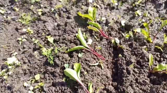 Когда свекла взошла и нарастила 4-5 настоящих листочков, можно её проредить. Свекла отлично приживается (в отличии от моркови)
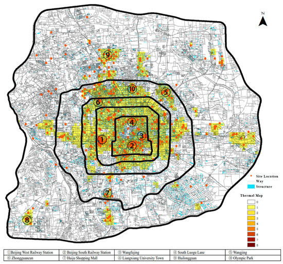 The site selection results are presented in Figure 5. The point location results indicate that the optimal areas for selecting commercial sites are primarily found in the central urban area within the Fourth Ring Road. These locations are divided into four categories: (1) Olympic Park, Wangfujing, South luogu Lane, and other places in the figure that are convenient for transportation, have complete catering and entertainment facilities, and are part of the well-known culture and entertainment industry zone in Beijing. (2) Beijing West Railway Station, Beijing South Railway Station, and Beijing Railway Station are passenger and logistics distribution centers. These locations have high year-round population mobility and overly dense crowd distribution, resulting in a higher weighting of the location in the algorithm and therefore more recommended points. (3) Liangxiang, Tongzhou, Daxing, etc., have gradually increased their commercial development due to the construction of Beijing’s subcenters and the relocation of some universities. This area has high commercial value and layout potential. (4) Huiju Shopping Mall, Wangjing, and other mega shopping centers are also recommended because of their high prosperity and huge customer flow.
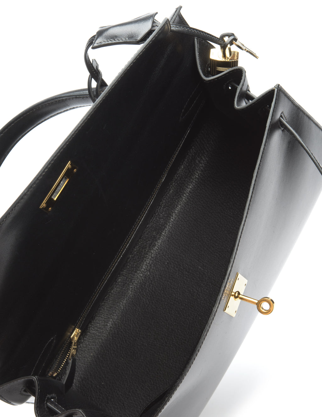 The black (noir) box calf leather bag is circa 1971. The bag was in need of some TLC and was sent to the Hermes workshop in Paris, France. The bag underwent the following:
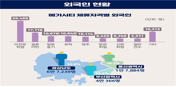 도시 특성에 따라 외국인 거주 목적이 차이를 보이는데, 대학이 많은 부산은 '유학'을 위해 거주하는 외국인이 가장 많았고, 제조업체가 많은 울산·경남은 '비전문 취업'을 목적으로 한 경우가 가장 많았다.
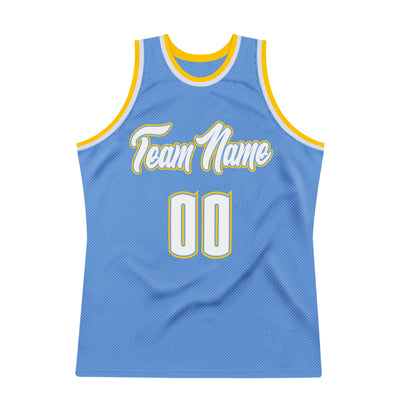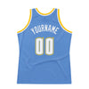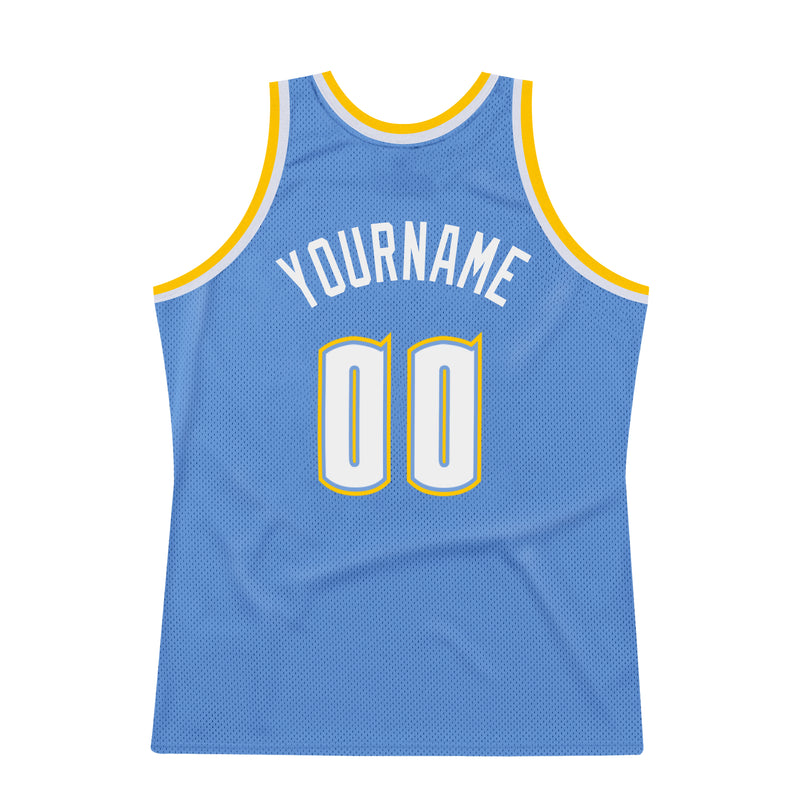 Custom Light Blue White-Gold Authentic Throwback Basketball Jersey
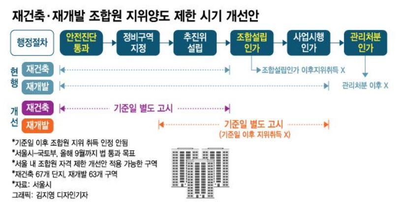개정안은 국토부가 아닌 오세훈 시장이 적극 추진했다는 점에서 시장의 기대와 관심을 받았다. 서울 도심내 재건축 사업 진도를 빼면서 투기수요를 조기 차단할 수 있는 장치로 토지거래허가구역 확대에 이어 오세훈표 '투기방지책'으로 꼽혔기 때문이다. 조합원 지위 양도 제한 시기가 당겨지면 실거주 목적이 아니라 시세차익만 노린 아파트 매매를 차단할 수 있다. 확실한 투기방지책이 2개나 작동하는 셈이라 재건축을 막아왔던 국토부도 오 시장과 합의해 추진키로 합의했다.
+ + + +
**Problem**.
Transcribe exactly the span of lines from the line holding "The black (noir)" through the last line above, both included. Pictures stay out.

**Task response**.
 The black (noir) box calf leather bag is circa 1971. The bag was in need of some TLC and was sent to the Hermes workshop in Paris, France. The bag underwent the following:
 도시 특성에 따라 외국인 거주 목적이 차이를 보이는데, 대학이 많은 부산은 '유학'을 위해 거주하는 외국인이 가장 많았고, 제조업체가 많은 울산·경남은 '비전문 취업'을 목적으로 한 경우가 가장 많았다.
 Custom Light Blue White-Gold Authentic Throwback Basketball Jersey
개정안은 국토부가 아닌 오세훈 시장이 적극 추진했다는 점에서 시장의 기대와 관심을 받았다. 서울 도심내 재건축 사업 진도를 빼면서 투기수요를 조기 차단할 수 있는 장치로 토지거래허가구역 확대에 이어 오세훈표 '투기방지책'으로 꼽혔기 때문이다. 조합원 지위 양도 제한 시기가 당겨지면 실거주 목적이 아니라 시세차익만 노린 아파트 매매를 차단할 수 있다. 확실한 투기방지책이 2개나 작동하는 셈이라 재건축을 막아왔던 국토부도 오 시장과 합의해 추진키로 합의했다.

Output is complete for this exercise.